### Exercise
Drop all pictures and repeat exactly the lines from the line holding "Hufeisensiedlung in Britz, Aufnahme 1931" through the end of the records.

### Collected data entries
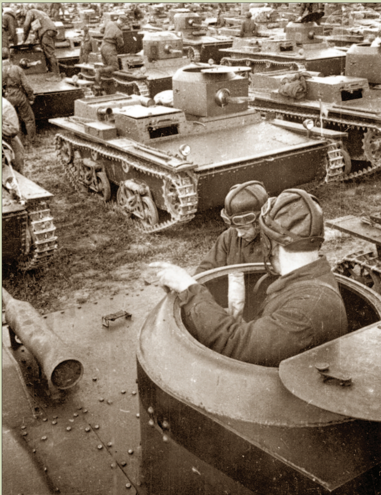
Малые плавающие танки Т-38 перед началом учений. Московский военный округ, лето 1937 г.
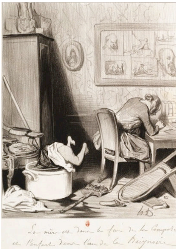
Honoré Daumier, planche n°7 de la série Les Bas-Bleus . Le Charivari , 26 février 1844

L'argument de l'indépendance économique envisagée pour ces femmes ainsi que la concurrence d'une nouvelle population sur le marché fragile de la production littéraire, en somme les enjeux économiques de cette pratique, sont également fréquemment avancés comme problématiques. Nous avons aperçu l'existence de ce questionnement dans la fiction, lorsque M me de Jarente est accusée de faire fuir les écrivains de son salon, effrayés qu'ils seraient d'une concurrence jugée comme déloyale. De même, dans un extrait des Bas-bleus d'Albert Cim, œuvre satirique parue plus tardivement (1891), alors que deux journalistes devisent du prix de la ligne dans la presse depuis qu'on y emploie des rédactrices, on peut lire que « l'avalissement des prix résult[e]nt de l'envahissement de la littérature par les femmes 578 ». Nous pouvons relever dans cette interrogation sur l'enjeu économique de la présence des femmes dans le champ littéraire le croisement de deux problématiques contemporaines : la grande production de livres des années 1830 et
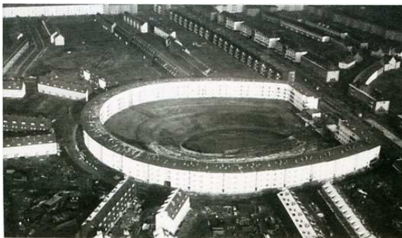
Hufeisensiedlung in Britz, Aufnahme 1931

Als man die Baugruben für die Häuser der Hufeisensiedlung aushob, fanden die Arbeiter immer wieder Gegenstände aus urgeschichtlicher Zeit, darunter vor allem Bruchstücke von Tongefäßen. Anhand dieser Materialien konnte festgestellt werden, daß hier schon früher Wohnstätten gelegen haben müssen. Südlich und südwestlich des Teiches hatte es eine bronzezeitliche (2. Hälfte des 2. Jahrtausends v. Chr.) und später eine Siedlung der germanischen Semnonen (1.-2. Jahrhundert n. Chr.) gegeben. Westlich des Teiches fanden sich dagegen jungsteinzeitliche Siedlungsreste (3. Jahrtausend v. Chr.). Neueste Untersuchungen, die anlässlich einer Ausbaggerung des Pfuhs stattfanden,
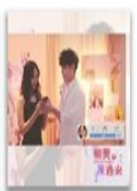
《網美照過來》 網路性剝削、 網路騷擾、展演
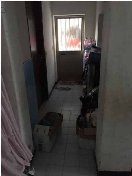
particolare corridoio al piano terra
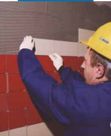
Kerámia burkolólap ragasztása falra

A túlagyúrt hézagok kitöltésére használjon az alkalmazáshoz illő MAPEI hézagkitöltőanyagot.
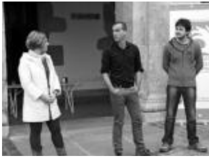
Azken edukiontzi berdea erretiratu zuten Orendainen larunbatean. Ugalde, Egia eta Errazkin, eskuinean. I.G.L.
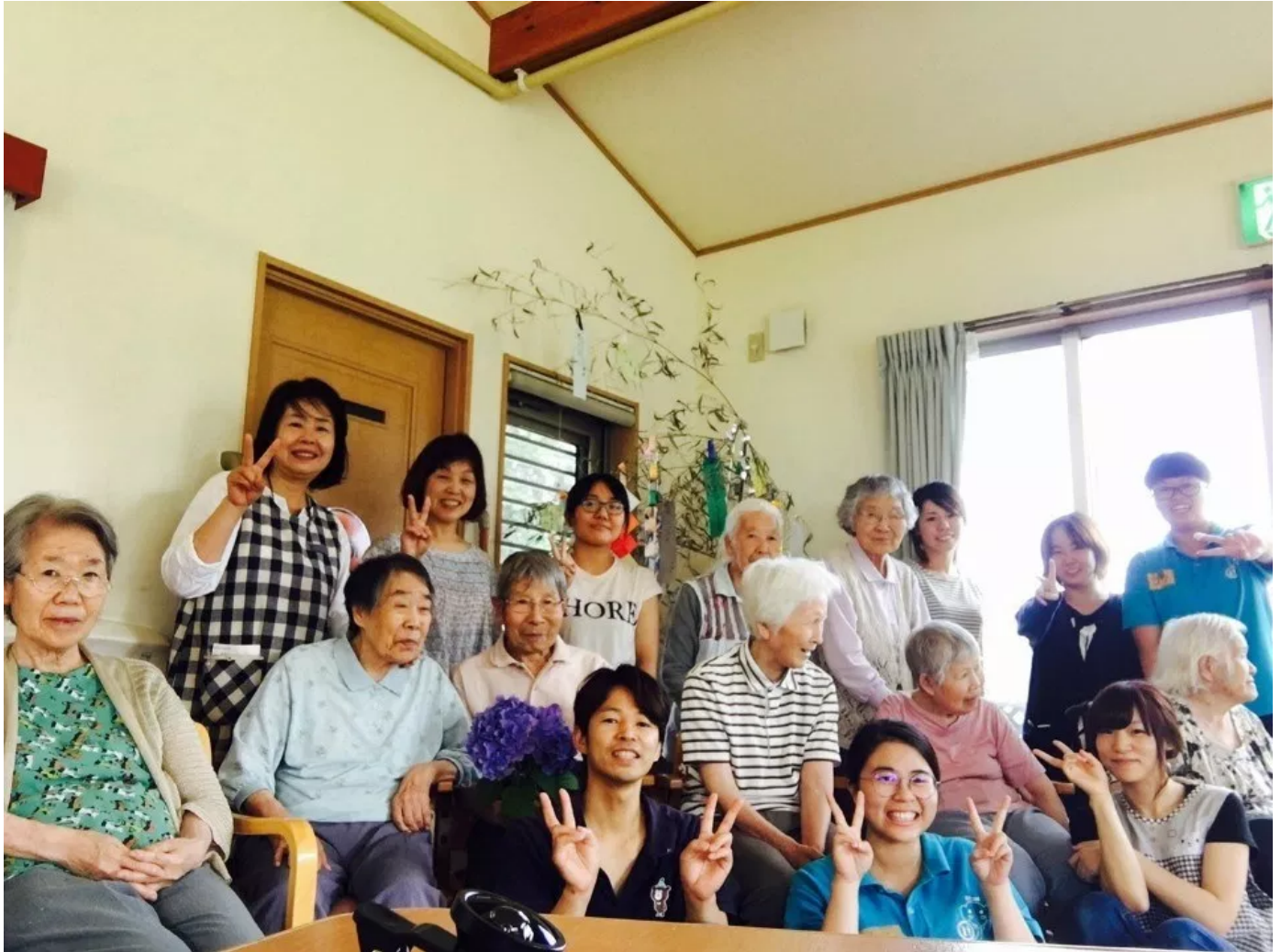
嘉藥老服系學生和日本實習機構長者及工作人員開心合影

【記者謝國樑/台南報導】台南的嘉南藥理大學老人服務事業管理系，日前選送學生赴日實習2個月，在短短未滿三周的實習期間因表現優異，日本實習機構即已表明希望延攬錄用，並祭出優渥薪資福利，令學生喜出望外。

### Written answer
Hufeisensiedlung in Britz, Aufnahme 1931

Als man die Baugruben für die Häuser der Hufeisensiedlung aushob, fanden die Arbeiter immer wieder Gegenstände aus urgeschichtlicher Zeit, darunter vor allem Bruchstücke von Tongefäßen. Anhand dieser Materialien konnte festgestellt werden, daß hier schon früher Wohnstätten gelegen haben müssen. Südlich und südwestlich des Teiches hatte es eine bronzezeitliche (2. Hälfte des 2. Jahrtausends v. Chr.) und später eine Siedlung der germanischen Semnonen (1.-2. Jahrhundert n. Chr.) gegeben. Westlich des Teiches fanden sich dagegen jungsteinzeitliche Siedlungsreste (3. Jahrtausend v. Chr.). Neueste Untersuchungen, die anlässlich einer Ausbaggerung des Pfuhs stattfanden,
《網美照過來》 網路性剝削、 網路騷擾、展演
particolare corridoio al piano terra
Kerámia burkolólap ragasztása falra

A túlagyúrt hézagok kitöltésére használjon az alkalmazáshoz illő MAPEI hézagkitöltőanyagot.
Azken edukiontzi berdea erretiratu zuten Orendainen larunbatean. Ugalde, Egia eta Errazkin, eskuinean. I.G.L.
嘉藥老服系學生和日本實習機構長者及工作人員開心合影

【記者謝國樑/台南報導】台南的嘉南藥理大學老人服務事業管理系，日前選送學生赴日實習2個月，在短短未滿三周的實習期間因表現優異，日本實習機構即已表明希望延攬錄用，並祭出優渥薪資福利，令學生喜出望外。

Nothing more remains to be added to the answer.